### DATA
::::::::::

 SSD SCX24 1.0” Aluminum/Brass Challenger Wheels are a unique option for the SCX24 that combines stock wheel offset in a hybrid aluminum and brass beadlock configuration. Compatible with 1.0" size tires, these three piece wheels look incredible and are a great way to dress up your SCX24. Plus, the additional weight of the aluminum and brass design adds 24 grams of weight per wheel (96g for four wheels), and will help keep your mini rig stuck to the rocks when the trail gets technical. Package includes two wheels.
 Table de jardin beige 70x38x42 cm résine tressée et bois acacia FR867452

::::::::::

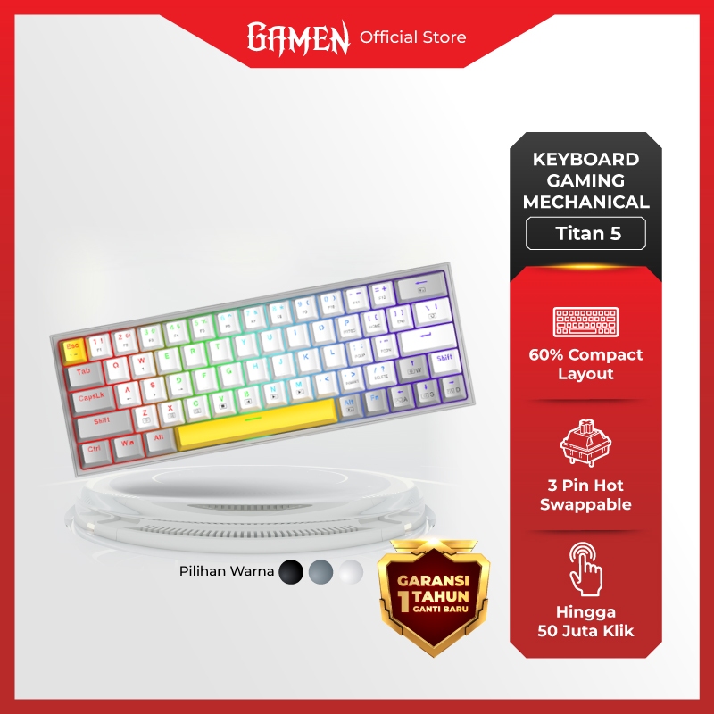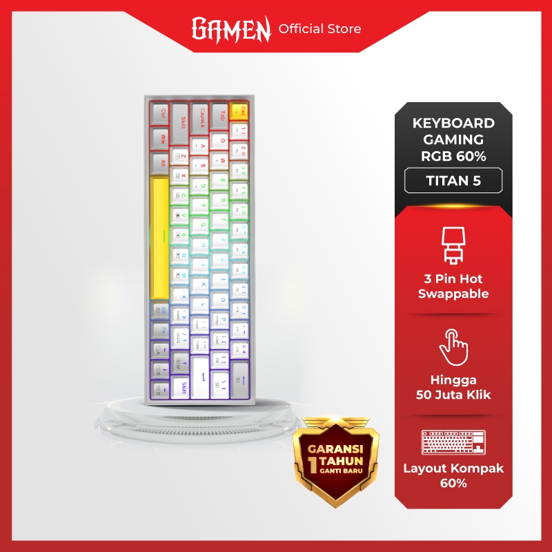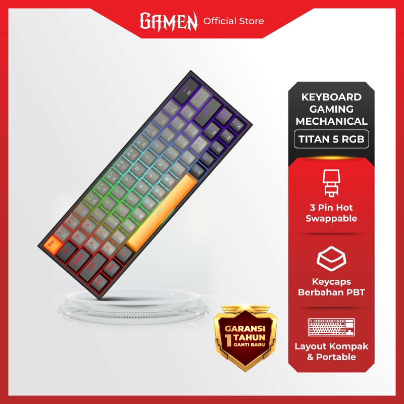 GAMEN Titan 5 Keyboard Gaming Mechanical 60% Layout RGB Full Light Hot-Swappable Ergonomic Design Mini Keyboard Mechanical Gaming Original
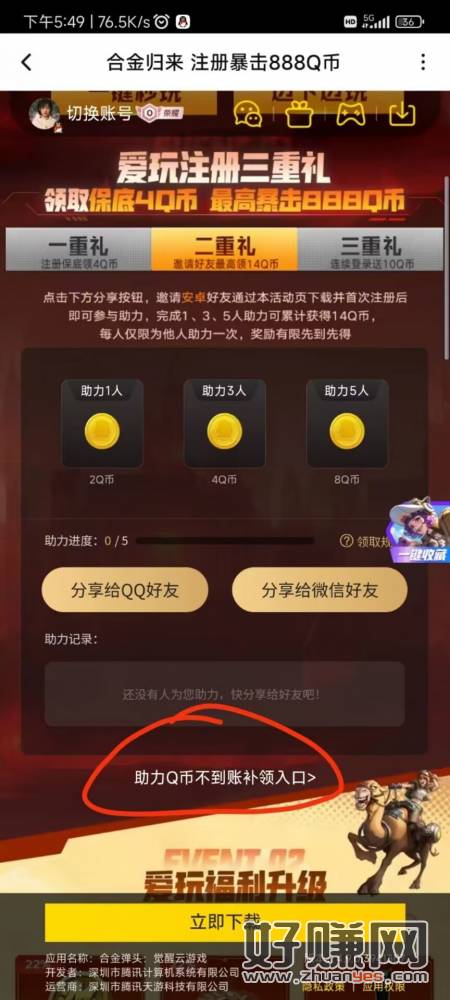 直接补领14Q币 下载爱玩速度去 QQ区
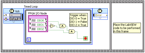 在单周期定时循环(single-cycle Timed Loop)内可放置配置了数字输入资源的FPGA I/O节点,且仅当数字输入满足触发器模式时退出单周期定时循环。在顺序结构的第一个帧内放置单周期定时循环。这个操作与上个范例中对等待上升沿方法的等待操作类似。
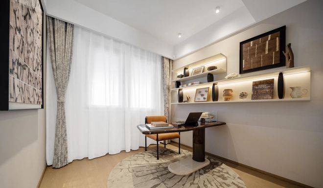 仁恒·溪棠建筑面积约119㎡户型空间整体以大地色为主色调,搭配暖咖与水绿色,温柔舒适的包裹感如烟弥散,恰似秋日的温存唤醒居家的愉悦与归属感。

::::::::::

### ASSIGNMENT
Pictures excluded, transcribe the listing above exactly from the line with "直接补领14Q币 下载爱玩速度去 QQ区" through the line with "仁恒·溪棠建筑面积约119㎡", and no further.

### WORKED SOLUTION
 直接补领14Q币 下载爱玩速度去 QQ区
 在单周期定时循环(single-cycle Timed Loop)内可放置配置了数字输入资源的FPGA I/O节点,且仅当数字输入满足触发器模式时退出单周期定时循环。在顺序结构的第一个帧内放置单周期定时循环。这个操作与上个范例中对等待上升沿方法的等待操作类似。
 仁恒·溪棠建筑面积约119㎡户型空间整体以大地色为主色调,搭配暖咖与水绿色,温柔舒适的包裹感如烟弥散,恰似秋日的温存唤醒居家的愉悦与归属感。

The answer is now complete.